The agency has opened five new plasma donor centres in the last few years, with six more planned by 2024 in an effort to draw 25 per cent of its supply from Canadian donors.

“But this only gets us halfway there. More needs to be done,” Canadian Blood Services said in the statement.

Working with private partners may offer one way to reach the 50 per cent threshold.

“Any options considered must necessarily include controls to ensure plasma collected in Canada is used exclusively to manufacture immunoglobulins for patients in Canada, while also ensuring no negative impacts on Canadian Blood Services’ current and future blood and plasma collections network,” the agency said.

It said Monday it had only four days’ worth of O+ blood type supply and five days’ worth of O- and B- blood types.
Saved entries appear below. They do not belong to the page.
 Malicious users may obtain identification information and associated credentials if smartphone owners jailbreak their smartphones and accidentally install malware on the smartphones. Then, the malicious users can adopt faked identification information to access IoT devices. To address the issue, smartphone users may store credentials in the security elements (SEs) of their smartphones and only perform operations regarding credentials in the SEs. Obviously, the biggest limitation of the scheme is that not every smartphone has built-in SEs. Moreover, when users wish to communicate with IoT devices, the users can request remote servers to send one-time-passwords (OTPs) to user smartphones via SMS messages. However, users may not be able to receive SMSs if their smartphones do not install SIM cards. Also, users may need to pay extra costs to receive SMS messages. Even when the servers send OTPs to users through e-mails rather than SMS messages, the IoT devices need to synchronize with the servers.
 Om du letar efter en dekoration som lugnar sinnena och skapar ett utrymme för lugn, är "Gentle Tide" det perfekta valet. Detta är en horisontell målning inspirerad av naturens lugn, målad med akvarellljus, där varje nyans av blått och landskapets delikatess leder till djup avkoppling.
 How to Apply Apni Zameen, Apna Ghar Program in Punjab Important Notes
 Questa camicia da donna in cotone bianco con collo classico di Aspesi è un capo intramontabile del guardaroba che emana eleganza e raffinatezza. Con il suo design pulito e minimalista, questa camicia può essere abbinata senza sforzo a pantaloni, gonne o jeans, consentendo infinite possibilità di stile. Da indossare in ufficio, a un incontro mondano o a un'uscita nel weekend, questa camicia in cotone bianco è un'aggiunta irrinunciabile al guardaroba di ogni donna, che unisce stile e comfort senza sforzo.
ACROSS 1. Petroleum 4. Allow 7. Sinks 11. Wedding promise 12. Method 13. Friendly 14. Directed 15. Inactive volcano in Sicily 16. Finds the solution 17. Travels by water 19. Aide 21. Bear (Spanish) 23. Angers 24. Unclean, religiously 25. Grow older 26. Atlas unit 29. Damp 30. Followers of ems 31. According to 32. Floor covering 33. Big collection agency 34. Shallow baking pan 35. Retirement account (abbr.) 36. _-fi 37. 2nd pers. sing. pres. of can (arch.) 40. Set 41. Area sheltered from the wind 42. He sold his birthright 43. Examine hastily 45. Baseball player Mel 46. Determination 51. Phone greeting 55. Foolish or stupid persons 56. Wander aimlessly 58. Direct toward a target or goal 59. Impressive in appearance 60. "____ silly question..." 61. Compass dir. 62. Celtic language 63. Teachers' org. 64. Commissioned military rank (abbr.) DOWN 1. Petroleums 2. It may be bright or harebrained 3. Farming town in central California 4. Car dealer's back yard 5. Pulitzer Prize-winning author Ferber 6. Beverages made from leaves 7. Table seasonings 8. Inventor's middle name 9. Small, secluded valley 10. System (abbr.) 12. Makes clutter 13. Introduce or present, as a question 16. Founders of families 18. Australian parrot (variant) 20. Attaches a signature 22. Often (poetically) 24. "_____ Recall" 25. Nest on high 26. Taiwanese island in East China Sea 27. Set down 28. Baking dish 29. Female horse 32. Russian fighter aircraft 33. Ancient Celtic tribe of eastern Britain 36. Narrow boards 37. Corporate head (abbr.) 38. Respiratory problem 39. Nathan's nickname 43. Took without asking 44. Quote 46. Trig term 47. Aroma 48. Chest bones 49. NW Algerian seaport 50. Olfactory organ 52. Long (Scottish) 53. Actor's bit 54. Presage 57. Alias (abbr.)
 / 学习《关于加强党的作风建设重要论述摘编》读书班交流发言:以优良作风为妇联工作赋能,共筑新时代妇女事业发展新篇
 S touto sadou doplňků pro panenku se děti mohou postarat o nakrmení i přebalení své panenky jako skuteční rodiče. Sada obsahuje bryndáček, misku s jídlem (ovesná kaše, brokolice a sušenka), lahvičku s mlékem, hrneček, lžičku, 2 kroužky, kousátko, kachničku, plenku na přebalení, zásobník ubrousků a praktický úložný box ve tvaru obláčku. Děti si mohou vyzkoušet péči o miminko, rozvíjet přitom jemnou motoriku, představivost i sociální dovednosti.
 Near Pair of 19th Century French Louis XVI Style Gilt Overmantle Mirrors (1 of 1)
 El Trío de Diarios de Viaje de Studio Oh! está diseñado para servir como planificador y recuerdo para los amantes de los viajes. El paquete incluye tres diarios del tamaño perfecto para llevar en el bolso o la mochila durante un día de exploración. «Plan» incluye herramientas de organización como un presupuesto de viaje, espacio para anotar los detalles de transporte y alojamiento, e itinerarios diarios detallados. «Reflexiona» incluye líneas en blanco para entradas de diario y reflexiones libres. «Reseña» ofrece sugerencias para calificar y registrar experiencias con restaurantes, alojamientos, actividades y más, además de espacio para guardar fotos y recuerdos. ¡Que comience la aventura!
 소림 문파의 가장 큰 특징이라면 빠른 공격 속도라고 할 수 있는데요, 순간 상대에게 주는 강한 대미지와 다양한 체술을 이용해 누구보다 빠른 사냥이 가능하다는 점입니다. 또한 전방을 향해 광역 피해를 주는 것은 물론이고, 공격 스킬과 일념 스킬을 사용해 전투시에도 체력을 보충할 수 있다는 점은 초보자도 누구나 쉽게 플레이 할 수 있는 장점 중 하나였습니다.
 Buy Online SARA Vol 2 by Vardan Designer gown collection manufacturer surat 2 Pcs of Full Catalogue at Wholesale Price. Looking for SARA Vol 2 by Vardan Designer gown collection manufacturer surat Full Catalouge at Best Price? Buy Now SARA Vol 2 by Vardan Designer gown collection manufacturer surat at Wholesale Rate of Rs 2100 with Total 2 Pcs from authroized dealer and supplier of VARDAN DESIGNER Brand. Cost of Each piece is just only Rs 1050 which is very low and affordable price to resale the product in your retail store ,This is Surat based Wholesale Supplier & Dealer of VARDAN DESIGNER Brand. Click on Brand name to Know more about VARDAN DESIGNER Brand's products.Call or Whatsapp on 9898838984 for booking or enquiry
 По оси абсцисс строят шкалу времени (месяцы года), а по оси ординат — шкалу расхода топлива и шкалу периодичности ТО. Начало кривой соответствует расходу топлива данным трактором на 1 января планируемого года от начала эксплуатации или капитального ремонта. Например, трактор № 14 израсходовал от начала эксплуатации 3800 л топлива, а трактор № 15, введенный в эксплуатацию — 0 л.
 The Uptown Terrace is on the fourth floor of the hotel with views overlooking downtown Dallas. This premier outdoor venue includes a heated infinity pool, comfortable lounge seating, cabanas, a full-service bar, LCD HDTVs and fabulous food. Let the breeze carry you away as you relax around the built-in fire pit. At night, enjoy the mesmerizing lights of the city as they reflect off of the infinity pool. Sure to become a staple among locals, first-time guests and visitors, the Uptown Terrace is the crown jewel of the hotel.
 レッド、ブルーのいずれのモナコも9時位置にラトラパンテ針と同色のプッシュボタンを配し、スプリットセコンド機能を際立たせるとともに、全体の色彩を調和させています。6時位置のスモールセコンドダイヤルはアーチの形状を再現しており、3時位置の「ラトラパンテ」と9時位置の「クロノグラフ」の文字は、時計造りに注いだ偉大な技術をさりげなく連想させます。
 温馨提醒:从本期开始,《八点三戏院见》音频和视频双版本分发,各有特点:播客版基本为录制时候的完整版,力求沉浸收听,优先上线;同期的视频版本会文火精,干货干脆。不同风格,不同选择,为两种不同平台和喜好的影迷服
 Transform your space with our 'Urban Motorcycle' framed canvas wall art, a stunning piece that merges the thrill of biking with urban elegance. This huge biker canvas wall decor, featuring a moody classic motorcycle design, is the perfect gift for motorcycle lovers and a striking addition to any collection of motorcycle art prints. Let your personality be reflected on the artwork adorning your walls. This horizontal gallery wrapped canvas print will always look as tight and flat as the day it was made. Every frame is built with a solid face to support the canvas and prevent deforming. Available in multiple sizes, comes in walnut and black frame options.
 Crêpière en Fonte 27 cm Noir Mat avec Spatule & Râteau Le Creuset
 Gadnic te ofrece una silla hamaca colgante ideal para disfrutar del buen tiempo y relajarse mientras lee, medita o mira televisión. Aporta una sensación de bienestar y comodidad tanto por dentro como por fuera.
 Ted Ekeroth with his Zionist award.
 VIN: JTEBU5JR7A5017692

The O- type is the one most commonly used in transfusions for traumas and emergency surgeries, since anyone can receive its red blood cells. The O+ blood type is also in high demand due to its compatibility with any other positive red blood cell.

Spokeswoman Delphine Denis said ongoing illness and isolation requirements related to COVID-19, heat-related weather issues and the return of pre-pandemic activities and summer travel that have left many people with less time to donate are all factors contributing to the shortage.

There are 57,000 open appointments that must be filled before the end of August across Canada, the agency said.